When asked if the Treasury could direct banks to buy “more BTC” or even “Trump Coin” – a tongue‑in‑cheek reference to meme‑coins associated with the former president – Bessent said:

“I am Secretary of the Treasury. I do not have the authority to do that, and as chair of the FSOC, I do not have that authority.”

He reiterated that the Treasury will retain the Bitcoin already in custody but will not engage in open‑market purchases or alter reserve‑requirement rules to stimulate banking‑sector demand for the digital asset.

Analysis

  • Legal constraints are clear. The executive order explicitly bars the Treasury from spending new budgetary resources on Bitcoin purchases. Any acquisition must be funded by converting existing assets or through seizure, meaning the government cannot act as a price‑support mechanism in the way central banks intervene in fiat markets.
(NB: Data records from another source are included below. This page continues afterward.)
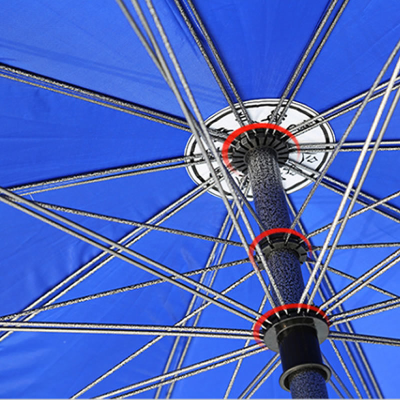 核心的三层伞架双骨结构更是精妙绝伦。三层伞架如同层层守护,外层粗壮伞骨强力支撑伞面边缘,抵御大风拉扯;中层伞骨巧妙分布,分担压力,稳定伞形;内层紧密排列,强化中心支撑。双骨设计则是锦上添花,两根坚韧伞骨并行,相较于单骨大大增强了整体强度。材质多选用高强度铝合金或玻璃纤维,质轻却坚如磐石,既方便移动布置,又能在狂风呼啸时稳立不倒。
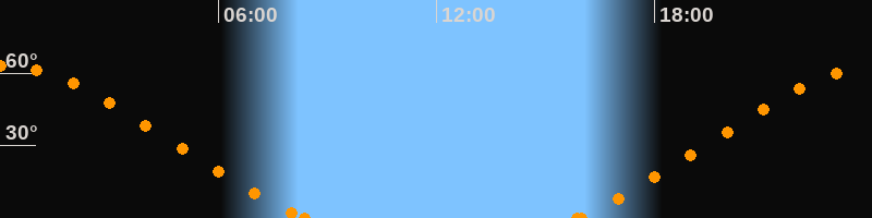 Höchster Stand (Kulmination)00:06 Uhr (h = 62.9°)
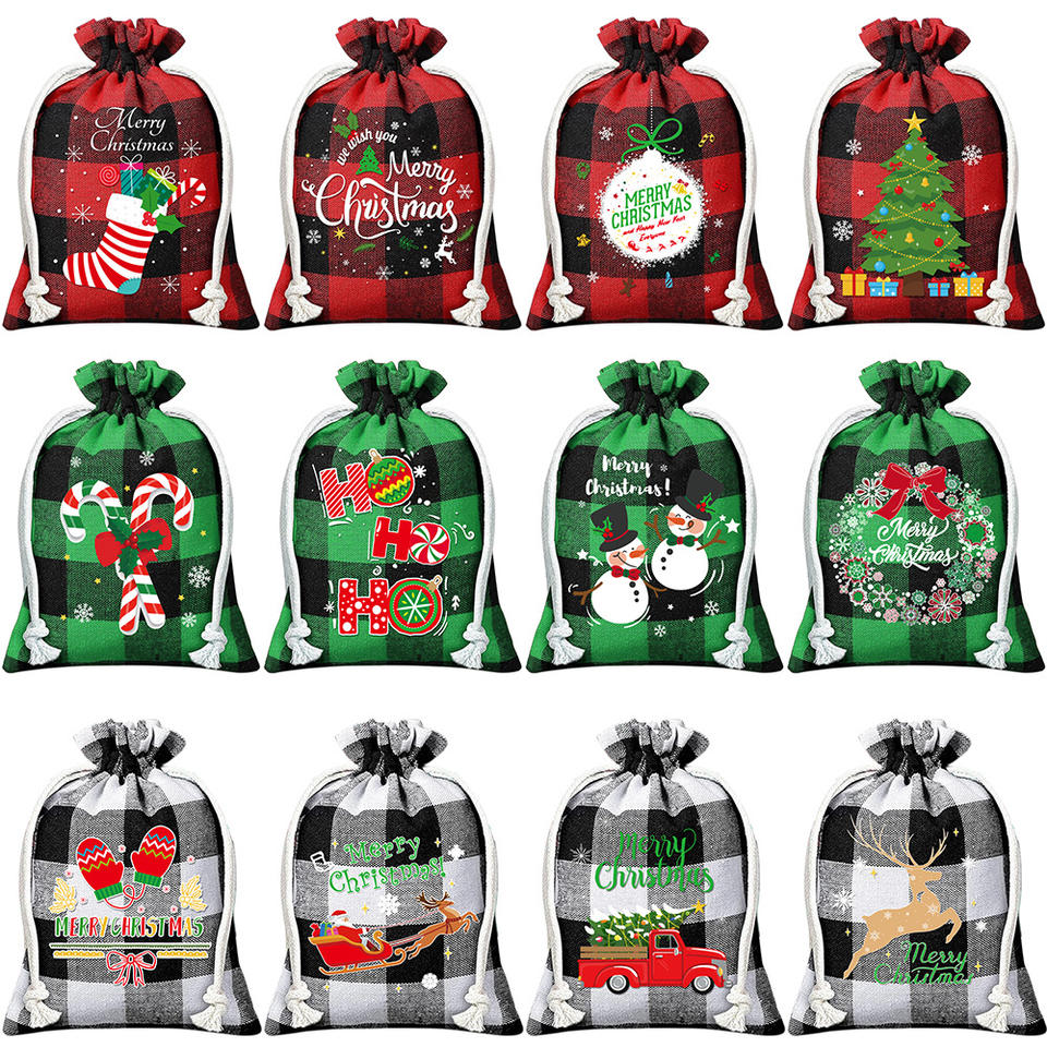 Yiwu 2025 New Christmas Cotton and Hemp Bun Pocket Coarse Hemp Gift Bag Christmas Children's Snack Bag Drawstring Gift Bag
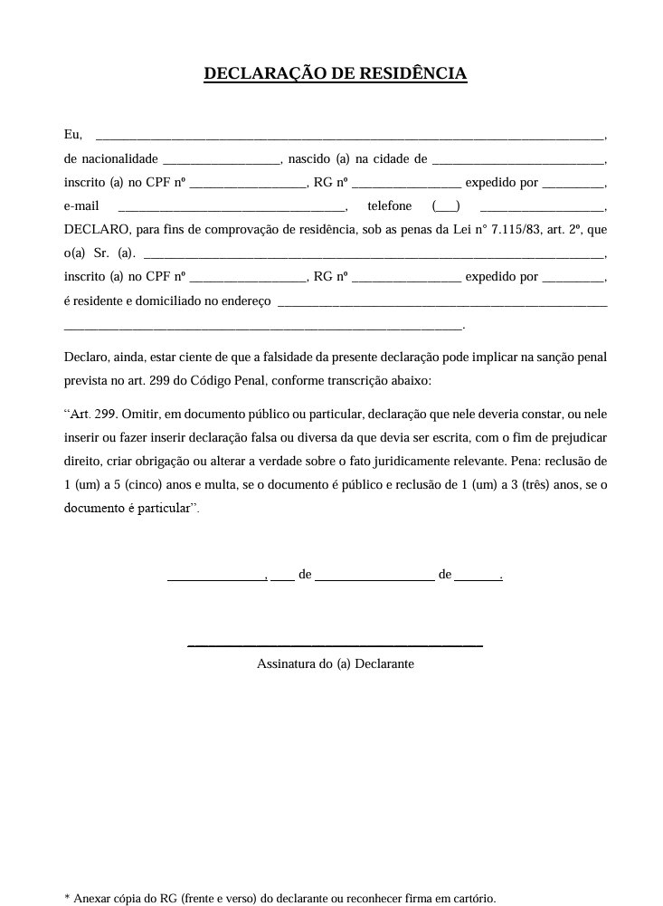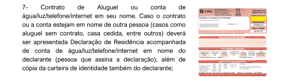 4- Contrato de Aluguel ou conta de água/luz/telefone/internet em seu nome. Caso o contrato ou a conta estejam em nome de outra pessoa (casos como aluguel sem contrato, casa emprestada, entre outros) deverá ser apresentada Declaração de Residência acompanhada de conta de água/luz/telefone/internet em nome do declarante (pessoa que assina a declaração), além de cópia da carteira de identidade também do declarante;
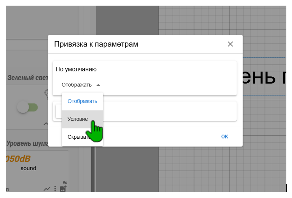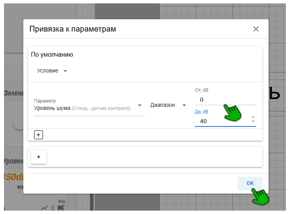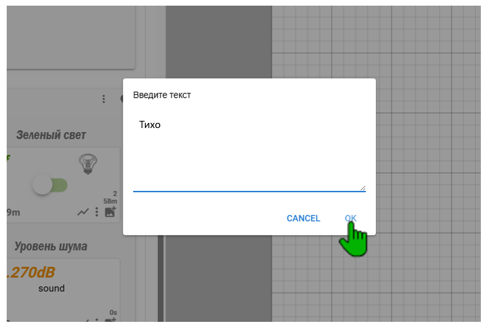 Теперь, когда уровень шума будет в заданном диапазоне, на схеме будет сообщение «Тихо»

  • Market impact is limited. While the Treasury’s holding of $15 billion of Bitcoin adds a sovereign‑level demand component, the inability to buy in the open market removes a potential catalyst for price stabilization during market stress. Analysts note that the mere existence of a strategic reserve may still influence market sentiment, but the effect will be muted compared with an active buying program.

  • International signalling. Bitcoin advocate Samson Mow warned that the U.S. could be “front‑run” by other states seeking to establish their own strategic reserves. A neutral, non‑interventionist stance may encourage other governments to adopt more aggressive acquisition policies, potentially reshaping the global competitive landscape for state‑held crypto assets.

  • Policy consistency. In August 2025, Bessent hinted the Treasury was exploring budget‑neutral acquisition routes, a position later tempered by his current clarification. This shift reflects the Treasury’s effort to stay within the legal framework while still evaluating ways to grow the reserve without exceeding budgetary limits.

Key Takeaways

  • No bailout authority: Treasury Secretary Scott Bessent confirmed that neither the Treasury nor the FSOC can mandate banks to buy Bitcoin or intervene to prop up its price.
  • Strategic reserve limits: The U.S. can only expand its Bitcoin holdings via asset seizures or budget‑neutral conversions of existing reserves, per the 2025 executive order.
  • Seized assets now sizable: Bitcoin seized by law‑enforcement has risen from an estimated $500 million to over $15 billion in market value.
  • Market influence modest: While the reserve signals governmental interest in crypto, the lack of open‑market purchasing limits any direct price‑support impact.
  • Geopolitical implications: Other nations may view the U.S. approach as a baseline and could pursue more assertive strategies, potentially accelerating state‑level adoption of crypto assets.

The Treasury’s stance underscores a formal separation between sovereign asset management and market stabilization, a delineation that will shape the evolution of the United States’ digital‑asset policy in the years ahead.